距離延長ローテでも、過去にスタミナ勝負で結果を出している馬は評価を上げたいところです。
東京の長い直線は魅力ですが、最後まで脚を残せる持久力がなければ差し切ることはできません。
東京芝3,400mでは、まずスタミナ量の多い馬を重視することが攻略の基本となります。
上がりの定評のある馬も活躍している
| 上がり3F | 成績 | 勝率 | 連対率 | 複勝率 | 単勝 回収率 | 複勝 回収率 |
|---|---|---|---|---|---|---|
| 1位 | 4-1-1-0/6 | 66.7% | 83.3% | 100.0% | 431 | 358 |
| 2位 | 0-2-2-0/4 | 0.0% | 50.0% | 100.0% | 0 | 550 |
| 3位 | 0-1-0-5/6 | 0.0% | 16.7% | 16.7% | 0 | 20 |
| 4~5位 | 1-1-2-7/11 | 9.1% | 18.2% | 36.4% | 36 | 143 |
| 6位以下 | 0-0-0-45/45 | 0.0% | 0.0% | 0.0% | 0 | 0 |
東京芝3,400mはスタミナ戦になりやすい条件ですが、同時に上がりの速さも重要なポイントです。
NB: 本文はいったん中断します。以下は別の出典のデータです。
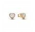 Pendientes Pandora Corazón Elevado Brillante para mujer de la colección San Valentín 2024 fabricados en aleación de metales bañados en oro amarillo de 14Kt de tipo botón con una circonita central en forma de corazón rodeada de circonitas brillantes. Su cierre es de presión.
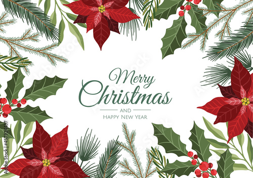 Winter holiday background. Border with Christmas tree branches and decorations. Great for New Year cards, banners, headers, party posters.
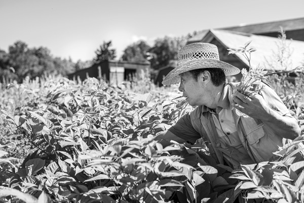 Jinah Kim's father, Amos Kim, raises vegetables for the restaurant at Garden of Eden Farms in Cambridge. Joan K. Lentini photo
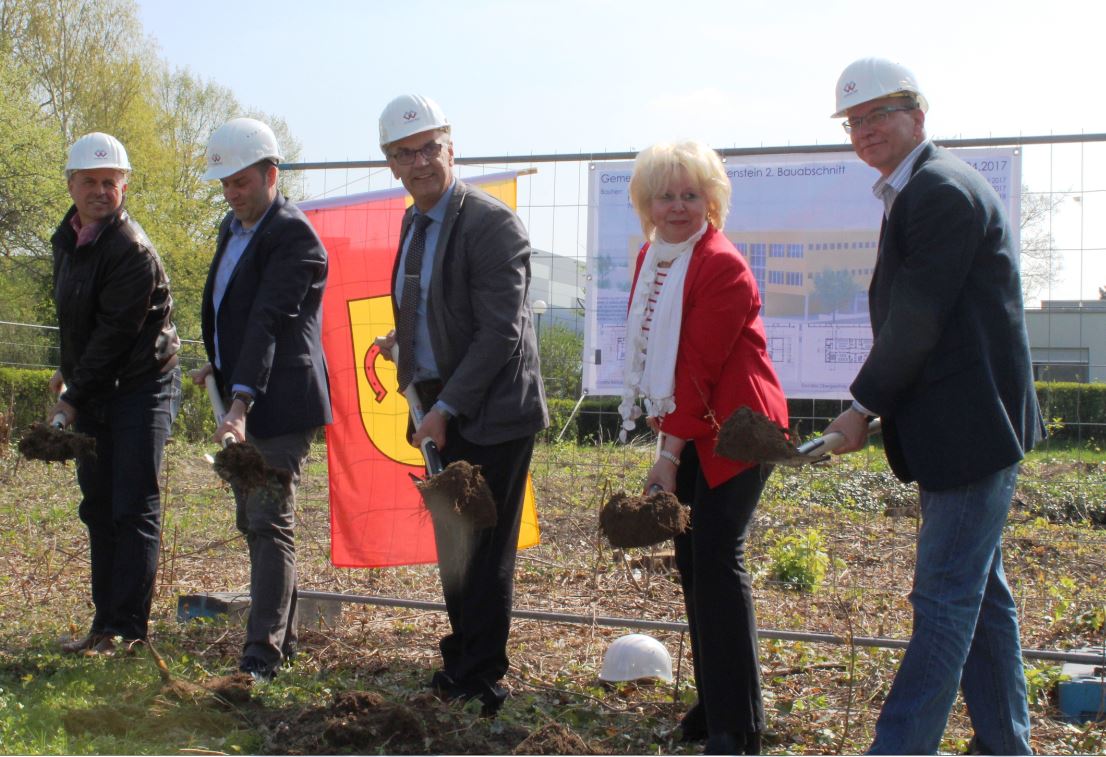 Die Bauarbeiten für einen 3. Gebäudezug der Gemeinschaftsschule wurden mit einem gemeinsamen Spatenstich eingeleitet. Nach dem Umbau im Bestand folgt jetzt der zweite Bauabschnitt mit dem Neubau. Dafür hat die Gemeinde inklusive der Ausstattung und der Mensa im Untergeschoss einen Betrag von rund 7,8 Mio. € im Haushalt eingeplant, nachdem der Umbau bereits 2,1 Mio. € gekostet hat. Mit 9,9 Mio. € ist das Projekt eines der größten unserer Gemeinde.

上がり3F別の成績を見ると、1位は4-1-1-0で勝率66.7%、複勝率100.0%と圧倒的な安定感を誇っています。
差し切りが決まりやすい東京コースらしく、最後にしっかり脚を使える馬が結果を残しています。
2位も複勝率100.0%と安定しており、上がり上位の馬は高確率で馬券に絡んでいます。
一方で、6位以下になると0-0-0-45で複勝率0.0%と完全に苦戦しており、終いの脚が使えない馬は好走が難しい傾向です。
このように、長距離戦とはいえ単純なスタミナ勝負ではなく、最後にしっかり伸びる末脚も求められます。
東京芝3,400mでは、スタミナに加えて上がり上位を使える実績のある馬を重視することが重要です。
東京芝3,400mのまとめ
東京芝3,400mはスタミナと持続力が問われる長距離戦です。
逃げ切りは難しく、先行から差しに回れるタイプが安定しています。
さらに、上がり上位の脚を使える馬が好走傾向にあり、スタミナと末脚を兼ね備えた馬を重視することが攻略のポイントです。